Our internal services will be responsible for the relocation of our office in the fall, the completion of our information management and information technologies strategy, and for exploring further the opportunities for shared services with other agents of Parliament.
Mr. Chair, one of the fundamental principles underpinning access to information is having an independent oversight of government decisions on disclosure. The Access to Information Act explicitly prescribes that the Information Commissioner “shall receive and investigate”—it's a positive legal obligation, which leaves me no discretion—the complaints of individuals who believe that their rights under the act have not been respected.
Even though I was able to decrease my inventory of complaints by close to 29% in the last four years, I still have about 2,000 files in my inventory at this time. At the same time, we are receiving more administrative complaints. We are up by 38% in the last fiscal year. In the last month alone, in April 2013, my office registered 277 complaints. The additional efficiencies I can now make will remain marginal.
When I appeared last year on the 2012-13 main estimates, I did not know whether my office's budget would be cut. In a letter to the Minister of Justice at the time, I wrote:
The overall conclusions of my review indicate that any reductions to the Office's existing funding envelope will potentially have significant adverse impacts on program results, including eroding the significant progress made over the last two years in reducing the inventory of longstanding cases and our ability to deal with the demands of our current inventory.

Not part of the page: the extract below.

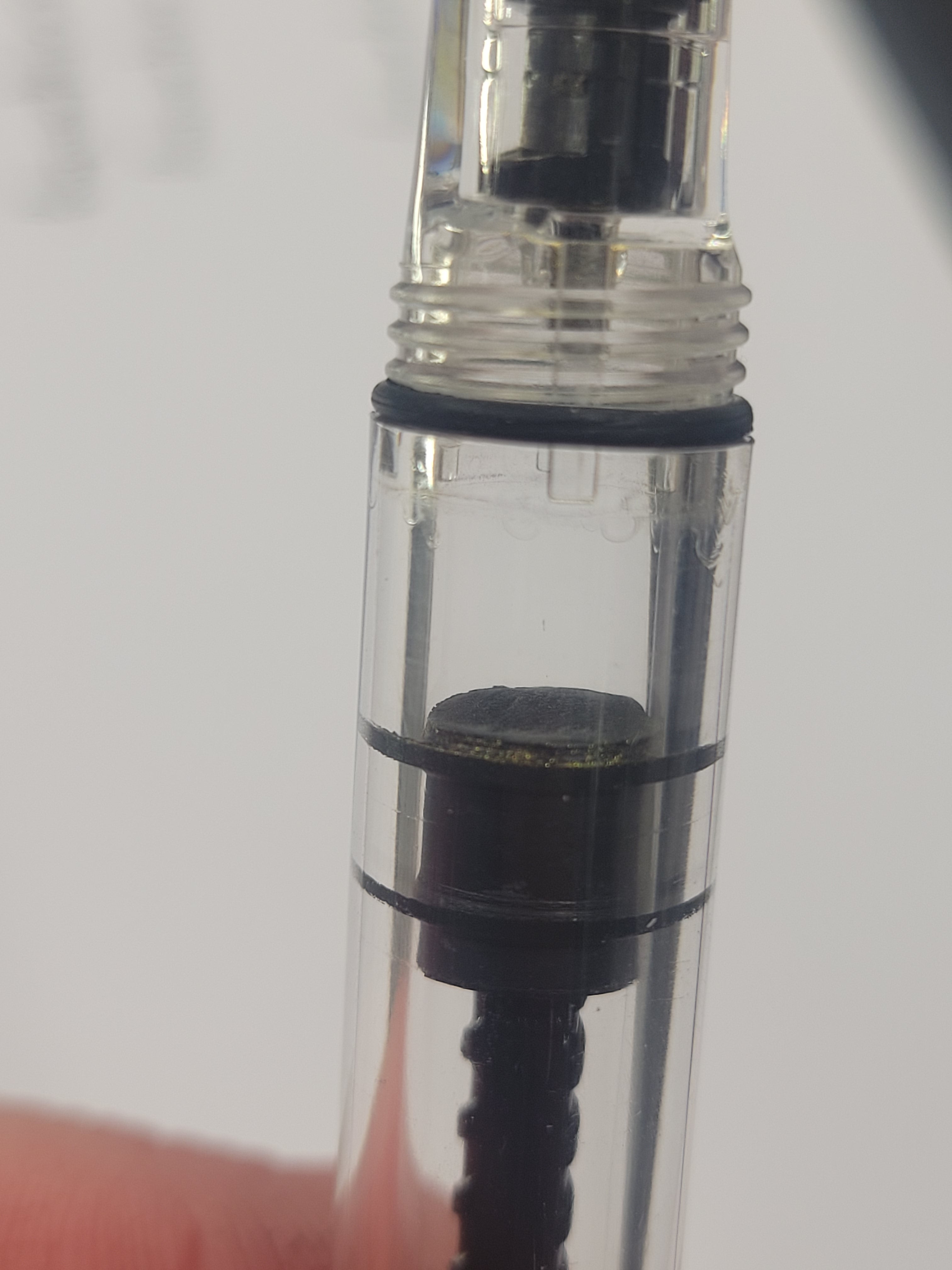 RMA return - pen is fine, nib is too "juicy", but was filled with a shimmer ink that was left behind. see photo(s). Has gift box, but no outer cardboard box.

Hence, if you ask me today the question whether my budget is enough to accomplish my mandate, my answer is no.
In the coming months I will continue, however, to work to improve our performance to meet our ambitious targets, but I will also—and I feel I must—be seeking additional funds to ensure that the Office of the Information Commissioner can meet its obligations under the act. Frankly, Mr. Chair, I think if I did not do that, I would be acting irresponsibly.
With that, Mr. Chair, my colleague and I are here to answer your questions.